I used to think that selling yourself meant being arrogant and bragging a lot. It does require a bit of arrogance and bragging, but somewhere on a level between humble and an asshole.
I'm not huge on self recognition. Sure, I like getting credit for doing something, but I'm not all about the awards and stuff. Unfortunately the Air Force is all about awards and stuff. I had no problem submitting others for awards, but I never threw my own name into the hat. I just didn't feel special enough. Plus my airmen and co workers could use the recognition more than I could. This worked fine while I was in the low to mid-level ranks. Work performance dominated my annual evaluations, so all those awards were just desk decorations. Once I started competing for the higher ranks, however, being humble became a career killer.
I thought my work performance would speak for itself. This worked well when I had supervisors that worked close with me on a daily basis. When I began a job that was a special duty, I was assigned a Captain as a supervisor. She spoke with me once a year; to discuss my evaluation. My first year I was given a 4 out of 5 for the first time in 10 years (5 was the norm). Officers (her) rating on Enlisted (me) tend to be a bit more critical of our work, primarily because we do vastly different jobs. She pointed out a few things that was holding me back. I argued a few points, but agreed that I could improve.

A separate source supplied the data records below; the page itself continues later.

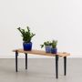Matériaux : pieds acier thermolaqué et plateaux en chêne massif européen et certifiés PEFC
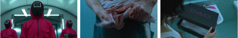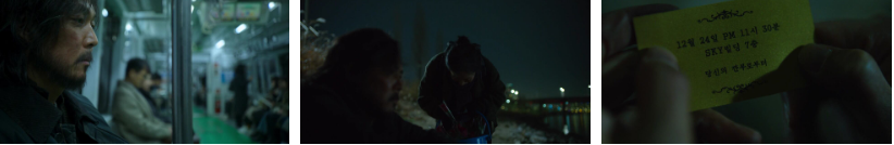 그로부터 1년 후 추운겨울.. 죄책감에 정신줄을 놔버린 듯 .. 돈이 그렇게 많으면서도 피골이 상접한 몰골이고..ㅠ 어느 날 은행장을 만나 왜 456억을 한 번도 출금을 안하냐며 이런저런 소리를 듣기도 하고, 은행장한테 만원을 빌려 그날 밤 한강에서 소주를 마시고 있는데 .. 꽃 한 송이 좀 사달라는 할머니가 다가오고.. 주머니에 든 천원을 주며 한 송이를 받아듭니다...그 안에..노란색 종이를 발견하고 열어보자...네모, 세모, 동그라미가 있고 돌려보면..언제 어디로 오라는 듯 시간과 장소가 적혀 있고 바로 아래 문구에 기훈의 눈이 커집니다..." 당신의 깐부로부터..."
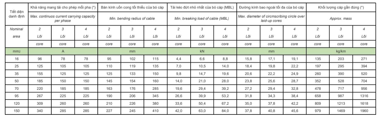ĐẶC TÍNH KỸ THUẬT CỦA 2,3,4 LÕI CÁP - TECHNICAL CHARACTERISTICS OF CABLE 2,2,3 CORE.
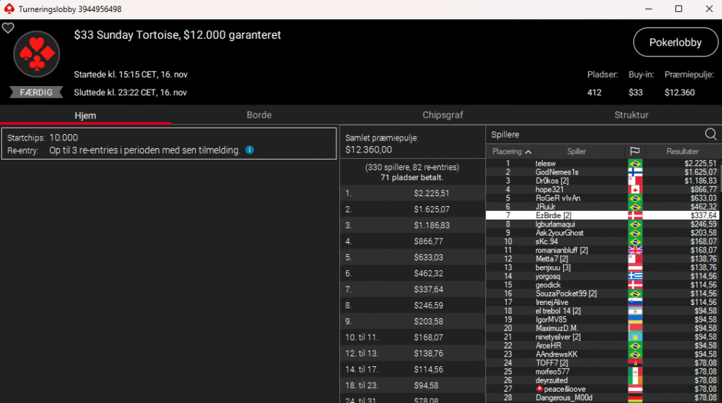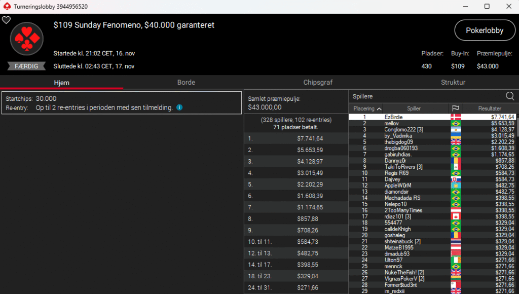Derefter var det EzBirdie, der i den sene tour $109 Sunday Fenomeno med $40.000 garanteret ender øverst og vinder $7.742. Super flot.
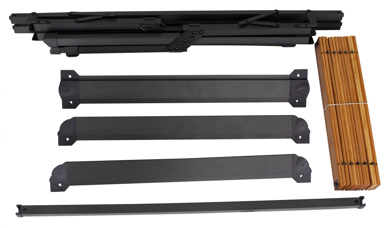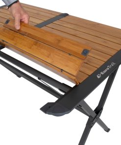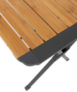 Tisch mit Aluminiumrahmen und Bambusplatte. Der robuste Aluminiumrahmen verfügt über eine zusätzliche Stabilisierungsstange zwischen den Tischbeinen, die für zusätzliche Stabilität sorgt. Die Top-Platte ist aus wasserdichtem Bambus-Material. Der Tisch lässt sich leicht zerlegen und zu einem kleinen Paket zusammenfalten, so dass wenig Platz zum Verstauen benötigt wird. Verstellbares Tischbein. Inkl. Tragetasche.
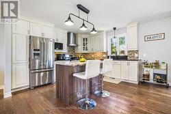 Welcome to this 2015 Parkview-built bungalow featuring four bedrooms and three bathrooms. The open-concept main level offers a bright and functional layout with living, dining, and kitchen areas seamlessly connected. The kitchen is highlighted by granite countertops, a center island, and a built-in double-door dishwasher. French doors lead from the dining area to the back deck, complete with a natural gas hookup for barbecues and outdoor entertaining. Engineered hardwood flooring runs throughout the main level. The spacious primary bedroom includes an oversized closet and is served by a beautifully appointed 4-piece bath with stand-up shower, soaker tub, and vanity. A 2-piece bath and convenient main floor laundry complete this level. The fully finished basement provides excellent additional living space with a large rec room featuring laminate flooring and a natural gas fireplace with thermostat. Two additional bedrooms, a 3-piece bath with shower, a workshop, and utility room offer plenty of versatility and function for family or guests. Outside, enjoy a detached single-car garage with attached 8 garden shed, a fully fenced backyard, paved driveway, and ample parking. This well-maintained home is move-in ready and offers comfort, style, and space inside and out. Only 35 min drive to the west end of Ottawa and 40 mins to Barrhaven. (id:27)
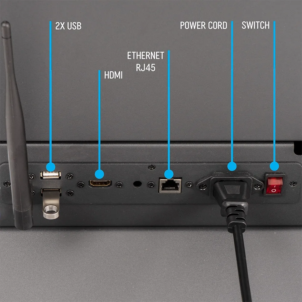 A digital display totem, like freestanding signage displays, is a floor standing unit that is rated for use up to 18 hours a day, providing reliable performance during business hours. The 583 x 1785 x 400mm display has the option to be used with wheels as well if you are in need of a display with more portability. The included casters are locking to help keep the unit in place after moving it into desired position while ensuring stability. The rear of the device features controls and multiple connection options, including two USB 3.0 ports, Wi-Fi antenna, Ethernet (RJ45) port, and power switch. A remote control is also provided to easily change go through options as well. This unit includes a 2-year warranty as well to provide you peace of mind with your investment.
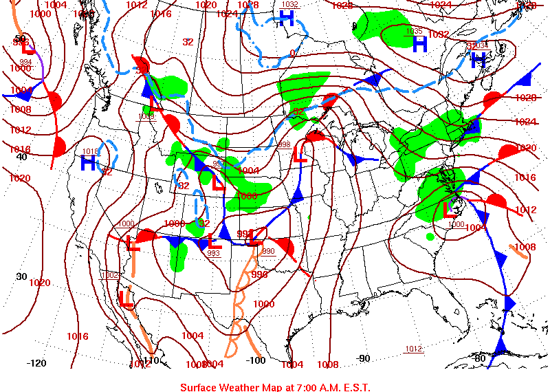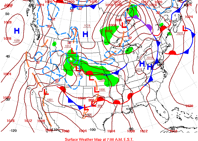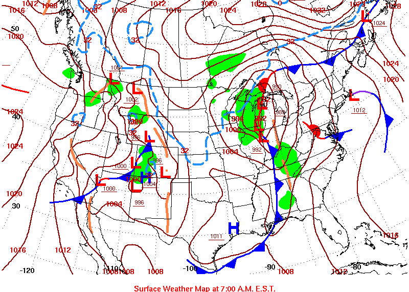 This was the day of the big snow! By now, the upper low had shifted southward into western NM, from where it would drift slowly east before turning to the northeast. The main surface lows with this system were over southern OK and TX, with a very large area of moisture-fed precipitation north of the stationary (soon to be warm) front extending ENE from the low, and in the cold air northwest of the surface low pressure. This meant precipitation in some form occurring most everywhere from NM and CO to the Great Lakes. Heavy snow in parts of CO and NM, and heavy rain eastward to the Great Lakes north of the warm front. As the day went on, severe weather would break out along and south of the warm front, with flooding rains along and north of it. Here is the morning surface map for April 29:
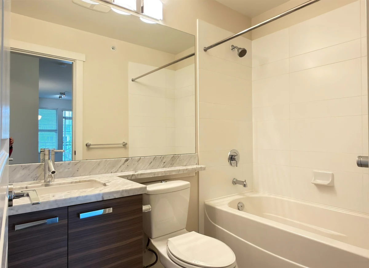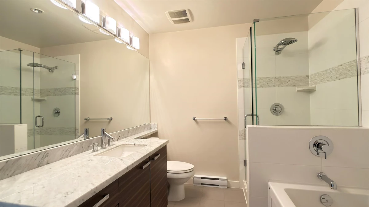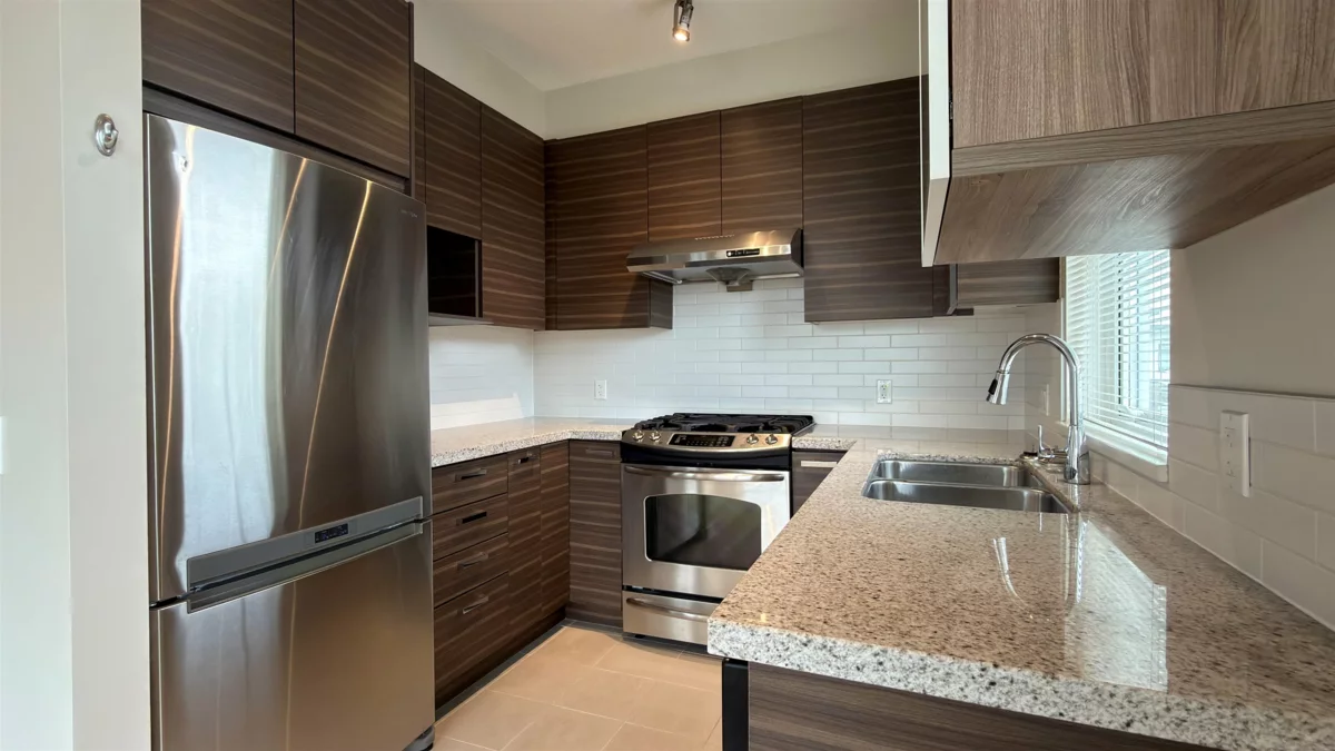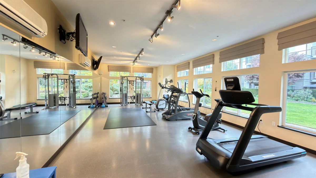 Corner unit with abundant windows and a balcony -Luxury living at Mayfair Place by Polygon. Prime Richmond locatior steps to premier shopping, diverse dining option, Walmart, and SkyTrain. This home features an elegant layout with 2 bedrooms on opposite sides for privacy, a cozy breakfast nook, a spacious walk-in closet in the primary room, and geothermal heating & cooling for year-round comfort. Enjoy a 10,000 sq ft clubhouse with resort-style amenities-pool, gym, theatre, guest suite, and lounge. Quiet inside courtyard view. Move-in ready. Includes one parking. Open House Sun 1/25 3pm-4pm
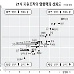 오늘 아침 중앙일보에 흥미로운 설문결과가 실렸습니다. 24개 파워조직의 영향력과 신뢰도를 조사한 결과인데, 자세한 사항은 기사를 참조하시면 됩니다. 1543명 전화 설문의 결과야 딱 그 정도로만 새겨들으면 되는데, 굳이 포스팅까지 하는 이유는 예전 일이 생각나서입니다. 1995년인가 이건희 회장이 베이징에서 '기업은 2류, 정부는 3류, 정치는 4류'라는 발언을 한 후 엄청난 설화를 겪었었지요. 애초의 뜻은 정치 쪽에 도움받기도 힘드니 기업들의 갈길이 멀다고 분발을 촉구하는 것이었지만, 당시 정계에서는 엄청 발끈하여 '기업이 무슨 2류냐? 4류, 5류다' 라며 순서 다시 매기기에 골몰해서 국민들의 빈축을 샀었습니다. 이 결과를 보니 여전히 세개의 그룹으로 나눠 볼 수가 있겠네요. 그리고, 10년전의 일이..

The next year, I was supposed to be transferred to an Enlisted supervisor, but it never happened because the paperwork was never processed. So my yearly visit with my supervisor consisted of my annual evaluation again. And I received a 4 out of 5 again. (An aside: Getting a lower than 5 rating was especially insulting because I had to draft my own evaluations.) This time I was ready to fight for my 5. I argued about the markdowns on Leadership and Training because I helped others with jobs outside of my career field, and trained and mentored others. Her response was "If I had known that, I would have considered a higher score". I was livid because I was used to observant supervisors that noticed these subtleties. I felt it was the Captain's fault for not giving me a mid-term feedback and not properly observing or supervising me. After talking with my Senior Master Sergeant, I came to the realization that it was as much my fault as hers. I failed to sell myself and trumpet my achievements.
Not long after, I found myself single again and re-entering the dating game. Once again, I humbly filled out on-line profiles and quietly went on dates expecting my brilliance to speak for itself. I quickly remembered my earlier lesson and made it a point to advertise myself, and all I had to offer. I tried not to sit back and wait to be asked for my accomplishments. I sold myself, and subsequently moved past the first date on more occasions.

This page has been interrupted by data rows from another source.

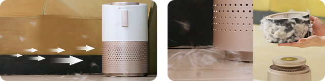 Fino a 320-540 ft² (30-50m²) di copertura, cattura efficacemente i peli di animali domestici e purifica l'aria.
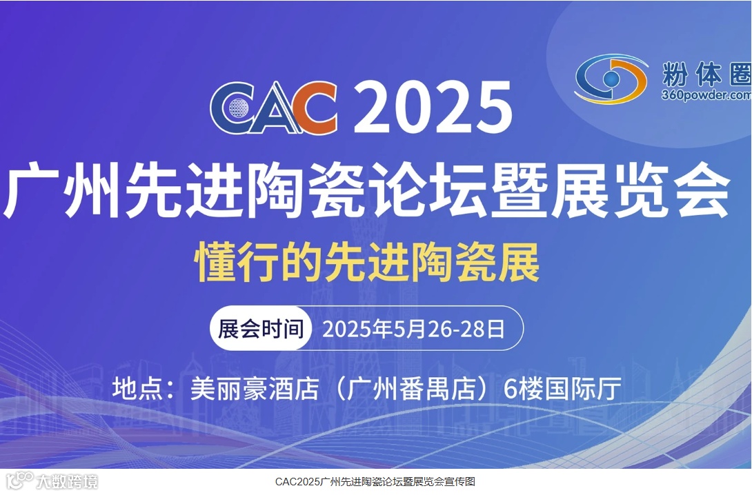 粉体圈在此诚邀您携新技术、新产品亮相“CAC2025 广州先进陶瓷论坛暨展览会”,了解先进陶瓷领域的最新需求,共同探讨产业未来发展方向,开拓新的市场机会,助力我国先进陶瓷行业的高质量发展。
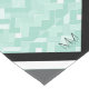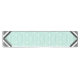 A beautifully made table runner in the colour mint madness, accented with dark grey, white, and black. It has the M by Miyoshi logo on it.
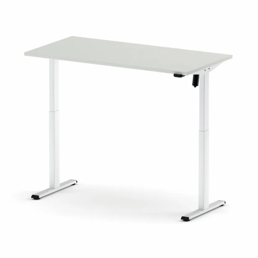 - Metall T-Fußgestell mit einmotorigem Antrieb in RAL 9010 Pure White
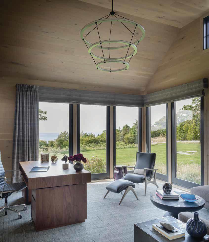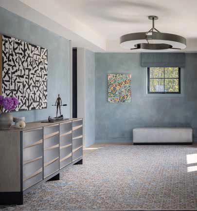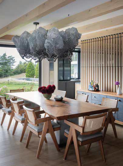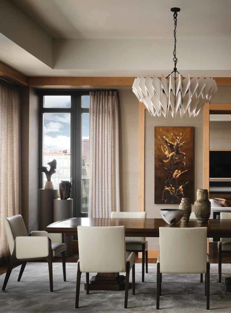 really dynamic,” notes Elms. “We paired it with a painted light fixture that’s constructed of netting and bronze branches by artist Nacho Carbonell. The goal was to bring in some lightness and warmth through the furnishings. I wanted it to feel elegant yet understated and comfortable.”
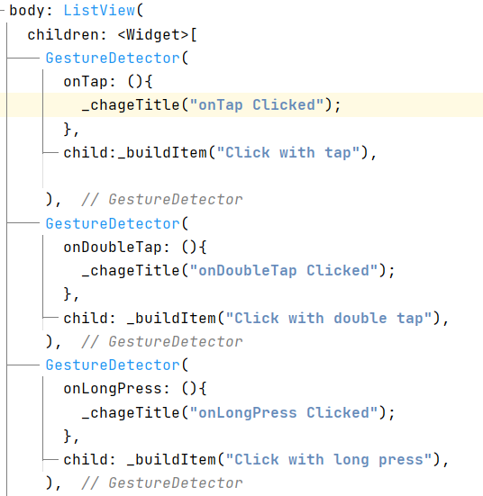Pada List View terdapat beberapa Gesture Detector yang memiliki propertinya masing-masing, dan mengimplementasikan method _buildItem yang mana mengatur lebar, tinggi dan title dari komponen yang digunakan untuk menempatkan Gesture Protector. berikut method _buildItem:
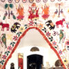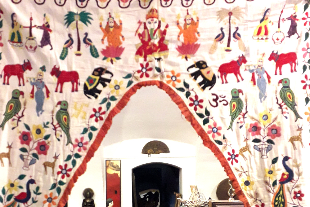 Mit Ganesha, Nandi, Pferd, Pfau, Palmen und Blumen fröhlich bunt bestickter Stoff aus Goa, ideal als Wandschmuck oder als Türumrandung!
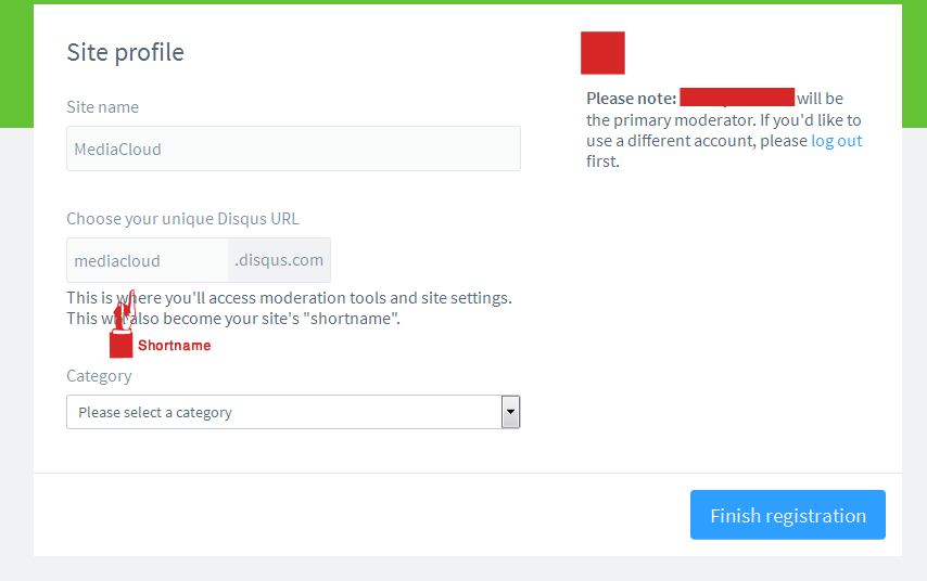 Add your details and then remember the Shortname to add it in the Comments Setting
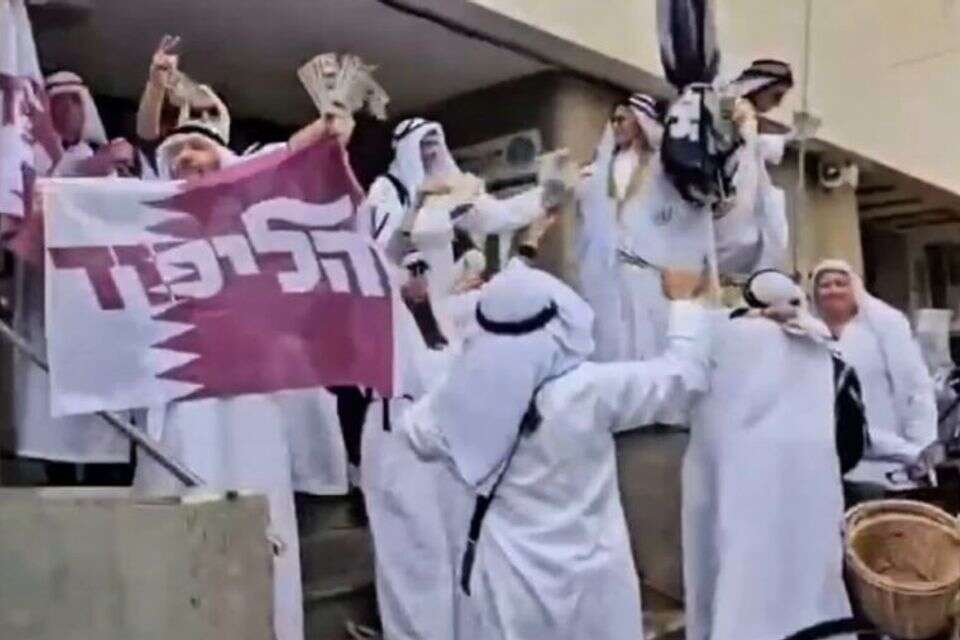 מפגינים מחופשים ל"שייח'ים קטארים" מפזרים דולרים מחוץ למשרדי הליכוד בתל אביב // מתוך ה-X

Selling yourself is about advertisement. When you see a commercial on TV, you get bombarded with all that's awesome about that product. If they've done their job right, you'll want to either buy, or know more about it. The same goes for you. Most people aren't going to ask what's so great about you. You need to bombard them with awesome. And not just the best stuff. You'd be surprised at how many "little" things make a huge impact. You volunteered to help a friend move last week? No big deal, right? To a date, that could be worth more than that time you met Wayne Brady in an elevator.

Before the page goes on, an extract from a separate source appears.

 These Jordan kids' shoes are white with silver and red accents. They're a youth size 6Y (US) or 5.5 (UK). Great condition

Obviously, there is a time and place for advertising your accomplishments. You only need to sell yourself when there's something to sell. The cashier at Walmart could care less about how you saved your company $100K. You do have to remember to keep selling yourself, though. Once you've landed your job, or the second date, it's not time to cut back on advertising. If anything, it's more important to keep selling yourself so they don't face "buyer's remorse". That means mentioning that you helped Carole in Accounting with her Excel issues. It means saying something about cleaning the toilet even though you weren't asked. You can't rely on others to notice your accomplishments while you humbly keep your mouth closed. Yes, in an ideal world, this would happen, but in a what-have-you-done-for-me-lately society, you're only as good as your last accomplishment.
Now that I'm re-entering the workforce, I'm not going to wait for people to come for me. I'm selling myself and all I have to offer. I have to remember that even though I won over and married my wife, I need to point out the things I do to remind her of why she married me. If you stop advertising, then people will eventually turn their attention to something, or someone, that is.